Un nouveau genre de tourisme soulève des critiques en Syrie

Un nouveau genre de tourisme soulève des critiques en Syrie

Alors que la Syrie entre dans sa neuvième année de guerre, un nouveau type de tourisme
international soulève de nombreuses questions.

La recherche de sensations fortes


Alors que 500 000 personnes ont été tuées au cours de la guerre toujours en cours et que
plus de 11 millions de Syriens ont fui leurs maisons, des touristes viennent dans les ruines
du pays chercher des sensations fortes.


Malgré les conseils opposés de presque tous les gouvernements du monde, le voyage en
Syrie semble faire des adeptes. Quelques agences de tourisme et blogueurs spécialisés
dans les voyages «extrêmes» proposent des formules sur-mesure, avec des «excursions
dans les villages détruits» ou des visites archéologiques dans «Palmyre après Isis» ou de
faire l’expérience «de la nouvelle vie nocturne de Damas».
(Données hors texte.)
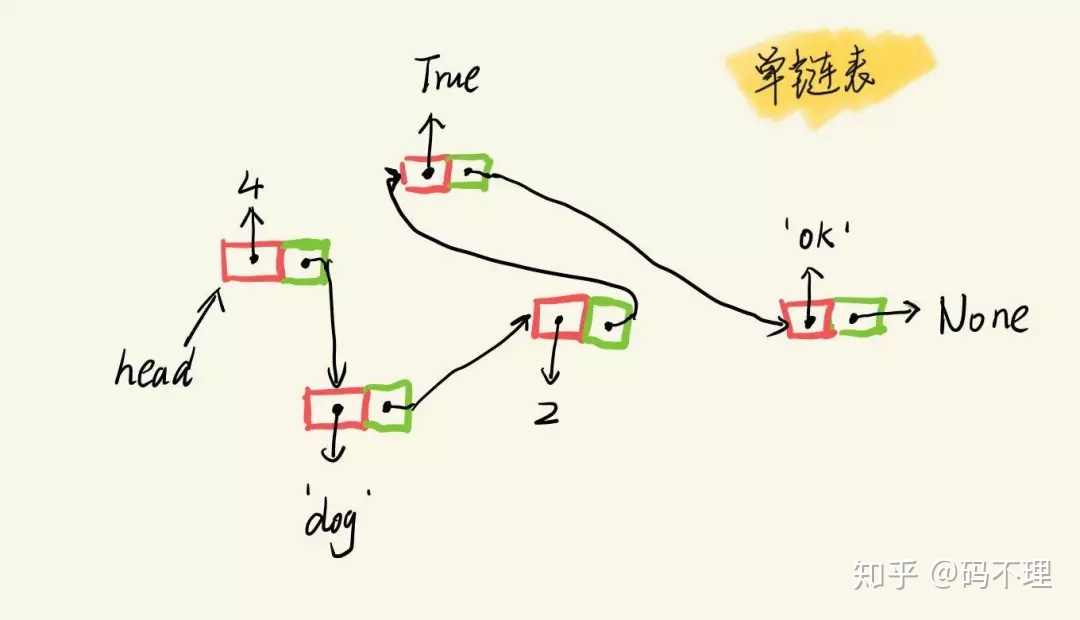 通常,我们会有一个 head 引用指向链表的开头,而链表的结尾,下一个节点则指向空值 None。
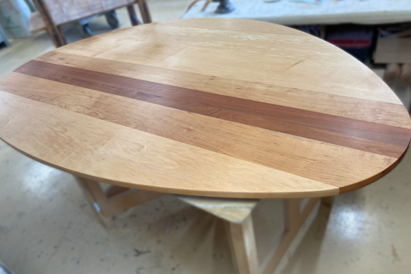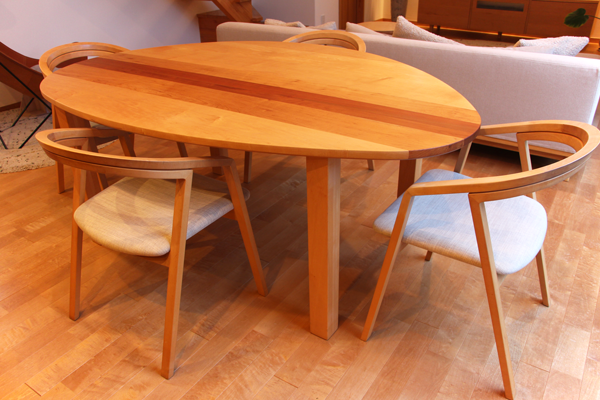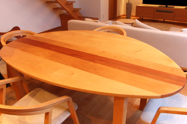 メープル、山桜、ホエビソ桜、シュリ桜の4種類の木材を使った特注サイズ(W1800×D1200)の天板です。

Des circuits d’une semaine sont proposés dans la vieille ville de Damas, au Krak des
Chevaliers, un site du 11e siècle près de Homs, ou à Palmyre dans le désert de l’Est. Tous
ces sites ont été touchés par des attaques de l’État Islamique depuis 2017.


Visiter des endroits associés à la mort et à la tragédie serait une nouvelle tendance du
tourisme contemporain. Cependant, le tourisme dans un pays encore en guerre est un
phénomène récent qui a pu se développer à travers les médias sociaux et ses
influenceurs en quête de destinations interdites ou d’une liste exhaustive des 195 pays du
globe enfin visités.

Un pays toujours en souffrance


Des entreprises de tourisme chinoises, russes, mais aussi des blogueurs européens
spécialisés vendent à prix d’or des «expériences uniques» désormais fortement critiquées
par les syriens qui gardent conscience du fait que la guerre n’est pas terminée et que la
souffrance est partout dans le pays et au-delà.


Les Syriens demandent aux visiteurs de ne pas banaliser leurs relations avec le régime de
Bashar al-Assad par le tourisme. Selon certains Syriens, ces voyages permettraient au
régime de se blanchir des atrocités commises envers la population syrienne et créeraient
un décalage douloureux avec la réalité des populations déplacées qui, quand à elles, ne
pourront jamais rentrer dans leur pays.